AD3028 - Media and Society

What will I learn on this module?

This module will develop your core knowledge and understanding of the connections between media, culture and society. You will explore those ideas at the intimate personal and local level by reflecting on your own uses of media. Equally, you will connect those daily uses of media to broader debates, spanning out to the international context. The module will introduce you to major concepts and approaches in media and cultural studies. You will explore not only how media representations are influenced by external factors such as regulation, ownership, and audience behaviours, but also how media has transformed our social relations, altered our understandings of world events, and impacted on what matters to us (our cultural and societal values). You will also examine how media technologies have developed over time and have altered how we communicate with each other. You will also develop your skills in critical thinking by analysing examples taken from contemporary media and culture, and by discussing ideas with your tutors and your peers.

How will I learn on this module?

This module will be delivered via a series of lectures, seminars, and peer-learning sessions. The lectures will introduce you to key theoretical concepts, contextualizing these within the wider field of media and cultural studies, demonstrating how scholarly ideas help us to understand media objects, and the world around us. The lectures will introduce issues that you will discuss in the linked seminar and peer-learning screening sessions. The peer-learning sessions will be based around the screening of a documentary that relates to the lecture content. The tutor will provide relevant discussion questions so that each student can critically engage with the content. You will then engage in discussion of those questions with your peers ahead of the seminar. The seminars will be based around tutor-led activities, debates and questions that provide you with an opportunity to critically assess theoretical ideas (that you will draw from lectures and set reading). The seminars will also provide you with case study examples to analyse together. The seminars will allow you to further develop your own critical position with the tutor’s guidance. Together, the combination of peer and tutor feedback on your ideas will enable you to further reflect on the topics covered and to assess their significance.
Throughout the module, emphasis will be placed on you developing your knowledge and understanding of the methods, approaches and key ideas that define media and cultural studies. As you progress through the module, you will develop confidence in your ability to articulate your ideas by drawing on scholarship (academic books and articles).

How will I be supported academically on this module?

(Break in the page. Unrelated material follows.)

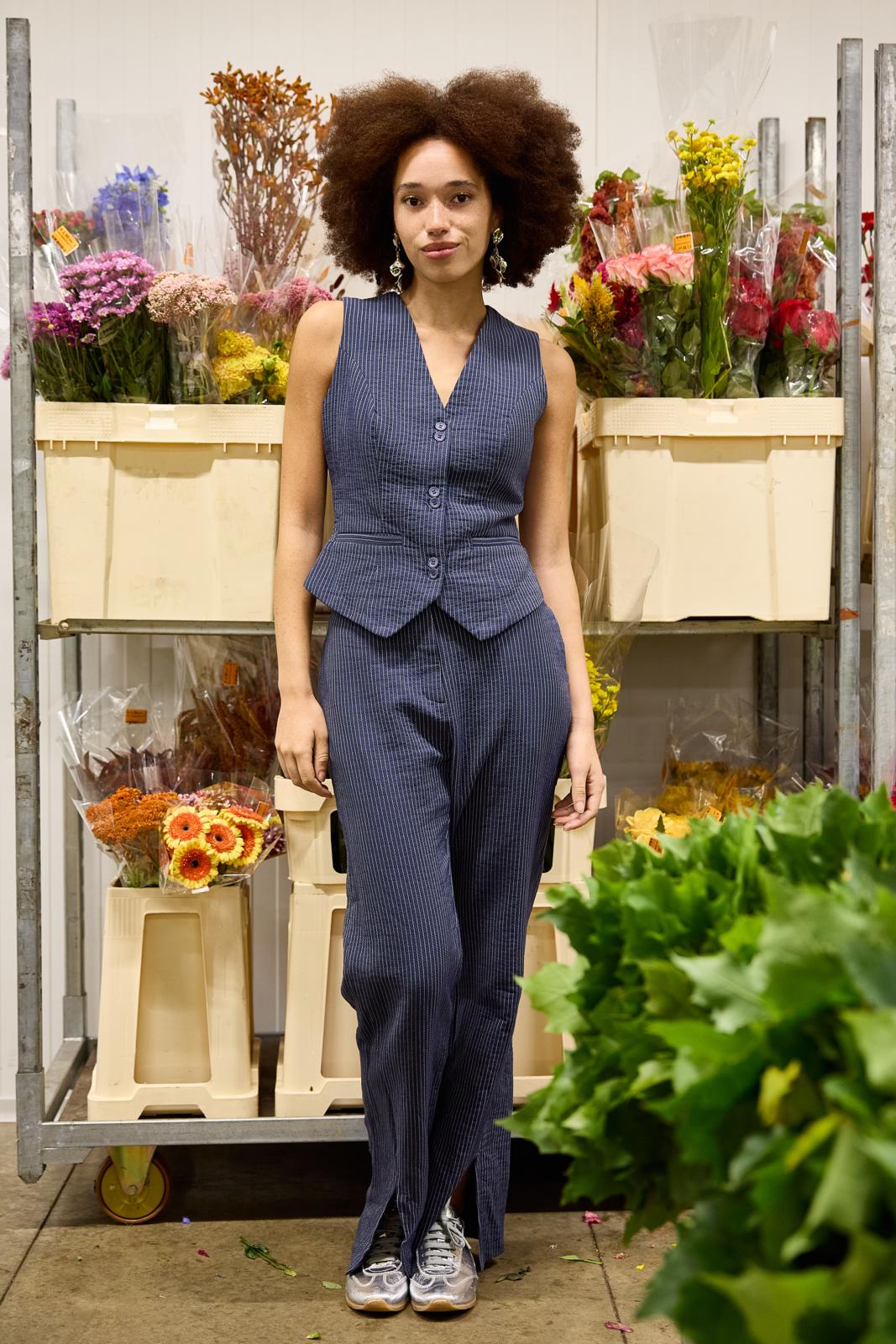 Stof: soepele denimlook stof, kostuumstof.

On the module you will be academically supported in the following ways:

• The seminars provide a supportive environment in which you can voice and develop your ideas by engaging with your classmates’ views and the module tutors’ questions. Seminar group discussions and activities will help you to develop problem your solving skills by collaborating with others
• Peer Learning sessions provide opportunities to learn from the variety of experiences the diverse student group bring to the module’s subject-matter, and to build a solid peer support network
• One-to-one tutorials with academic staff (arranged in person, via email or over the telephone) provide opportunities for individualised guidance on academic matters and progress. Each tutor has designated drop-in times in which students can individually discuss the ideas or raise queries about assessment with the tutors
• The module’s online electronic learning portal website (Blackboard) acts as a repository for learning materials (lecture slides), assessment information, a reading list with direct access to the library, and additional examples for you to use at any time. Online discussion boards will be used to encourage engagement with the ideas and with your peers outside of the timetabled sessions.

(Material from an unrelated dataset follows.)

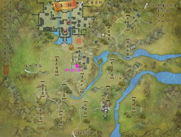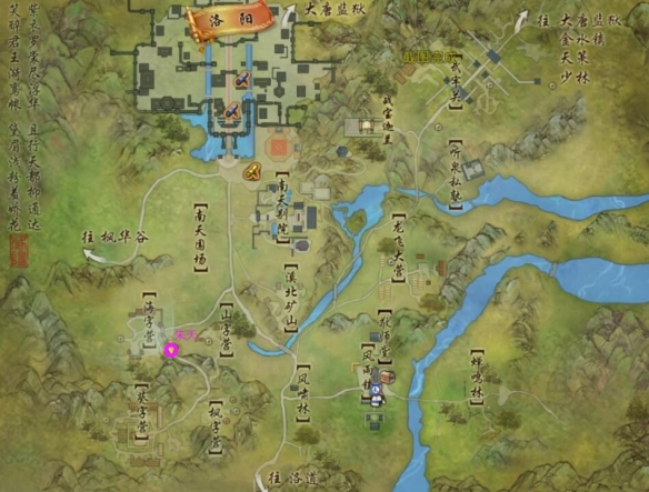 2、去老洛阳海字营岗哨二层找【朱天】,然后在南天别院院字左侧找到【遗失的包裹】;

What will I be expected to read on this module?

All modules at Northumbria include a range of reading materials that students are expected to engage with. The reading list for this module can be found at:
(Reading List service online guide for academic staff this containing contact details for the Reading List team –

What will I be expected to achieve?

Knowledge & Understanding:
• 1: You will develop a foundation level of knowledge of the theoretical perspectives that inform the study of media and how it connects to society and culture in a national and international context.

• 2: You will gain a basic understanding of a range of factors that shape media industries and communication systems, and in turn how media impacts our social, political and cultural life.

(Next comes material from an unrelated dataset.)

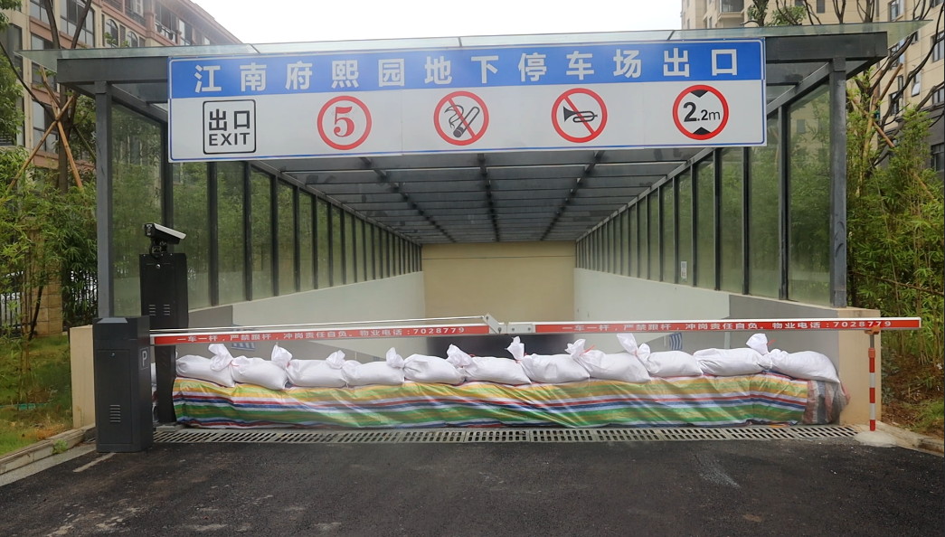 在市城投公司负责管理的车禄新居、南岳新村、绣林新园等三个还建房小区,记者看到地下停车场已经封闭,工作人员组织物业公司员工对地下停车场入口的拦水坝进行加固。

Intellectual / Professional skills & abilities:

• 3: You will develop and demonstrate the skills needed to study media in higher education, including gaining experience of locating and retrieving appropriate forms of information, then communicating the results of that research effectively.

• 4: You will gain experience of being able to critically assess media images and cultural practices.

Personal Values Attributes (Global / Cultural awareness, Ethics, Curiosity) (PVA):

5: You will show an appreciation of your position as a citizen, and as a media consumer, in a global age.

How will I be assessed?

Summative assessment
The summative assessment for this module is comprised of two components

1) Discussion board contributions (worth 30% of the overall grade): each fortnight, you will attend a peer-learning session based around a documentary screening. The tutor will provide discussion questions about the content in advance, and you should engage in unsupervised peer-discussion with your classmates about those questions after each screening. The same questions will be presented on the eLP site discussion boards. After each peer-learning session, you will be expected to respond to one of those questions via the eLP. Your response must be at least 150 words long. A meaningful response to one question about one documentary will receive 10 marks (an entry that fails to engage with the question or the documentary in a significant way will attain a mark of 0). You can receive a maximum of 10 marks per documentary (so answering more than one question about one documentary will not result in further marks). There are 10 documentaries, so you have the opportunity to attain 100 marks overall by submitting at least one meaningful response of 150 words or more for each documentary. You can achieve up to 30% of the overall module grade via this component (MLO 1,2,4,5)
2) Take-away exam paper (worth 70% of the overall grade): at the end of the module, you will be provided with a take-away exam paper, consisting of questions based on the module’s content. You will have one week to answer two of the questions set. You will be expected to write 1000 words for each (so 2000 words in total). You will then submit your responses via Turnitin on the eLP. Summative marks and feedback will be provided via Turnitin 20 days after the Deadline. (MLOs 1 – 5)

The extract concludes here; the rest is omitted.